Our experimental results reveal segregations of visual encoding, or representations, among HVAs in mice. The modeling results demonstrate how classic models of visual cortex neuron receptive fields can entail reciprocal trade-offs for representing spatial features and motion features of visual stimuli, thus providing a potential functional substrate for this segregation.
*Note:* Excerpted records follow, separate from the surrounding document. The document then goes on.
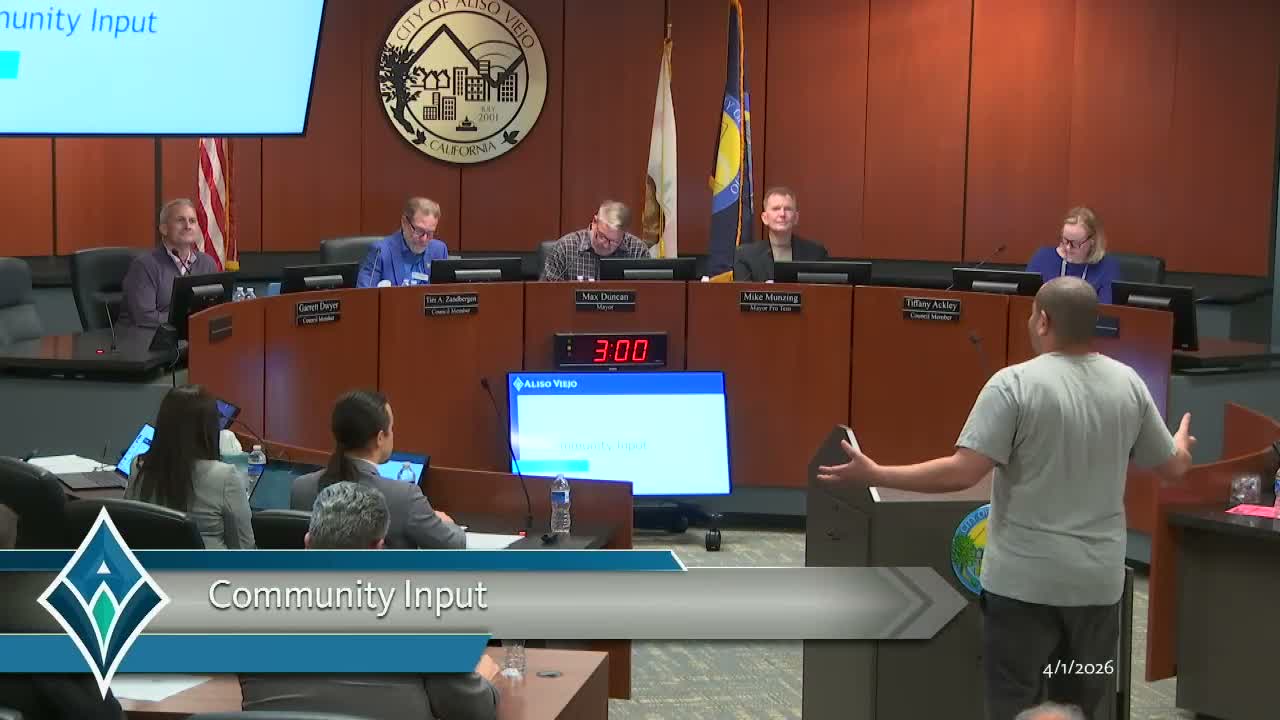 During public comment Aliso Viejo residents warned about potential safety issues and cost for a proposed pump track (estimated by commenters at $850,000–$1 million), urged more park lighting and protected bike lanes, while the Boys & Girls Club endorsed the pump track as a youth amenity.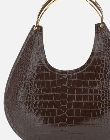 Medium Elisabetta Franchi "Daily" hobo bag dark brown burgundy in croc-embossed faux leather. Features a gold-tone jewel handle and bottom logo detail, with a single roomy compartment. Comes with fabric dust bag. Size: 35 x 39 cm.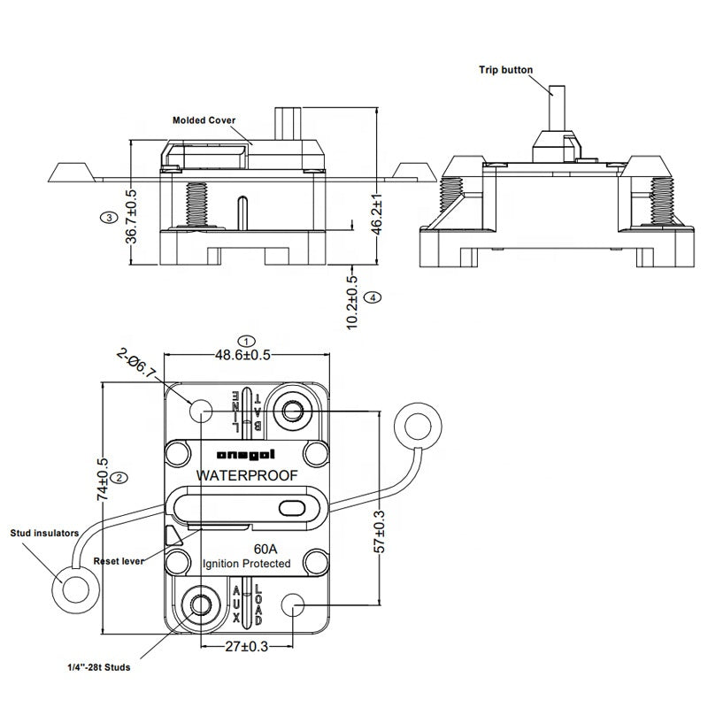 KUOYUH 60A 16F Series WATERPROOF Ignition Protected Circuit Breaker 48/32/24VDC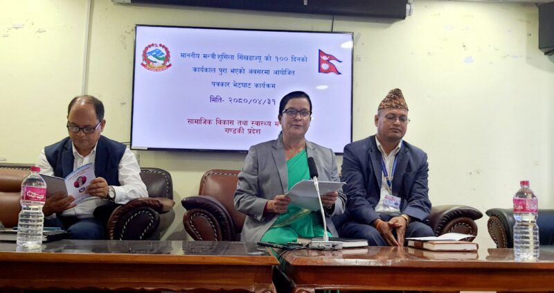 गण्डकी प्रदेशका सामाजिक विकास तथा स्वास्थ्य मन्त्री सुशीला सिम्खडाले आफ्नो सय दिनको मुख्य मुख्य उपलब्धि सार्वजानिक गरेकी छन् । बुधबार पत्रकारसंग भेटघाट गर्दै उनले आफ्नो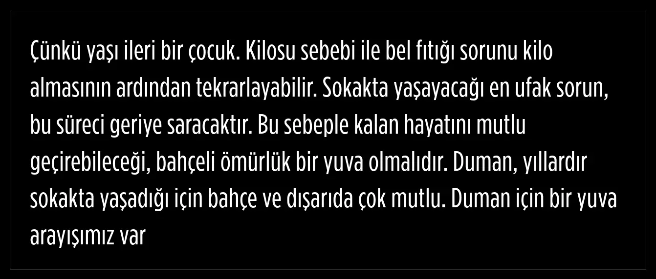 Duman’ın kilo vermesiyle birlikte bel fıtığı kaynaklı şikâyetleri de büyük ölçüde azaldı. Hem fiziksel hem de genel sağlık durumu büyük ölçüde düzelen Duman, şimdi kalıcı bir yuva arıyor. Hayatında ikinci bir şansı yakalayan bu sevimli dost, yeni sahiplerini bekliyor.

These insights show how mouse HVAs likely play distinct roles in visual behaviors, and may share similarities with the dual processing streams in primates.
STAR Methods
RESOURCE AVAILABILITY
Lead contact
Requests for additional information or resources related to the study should be directed to Spencer L. Smith (sls@ucsb.edu).
Materials availability
This study did not generate new unique reagents.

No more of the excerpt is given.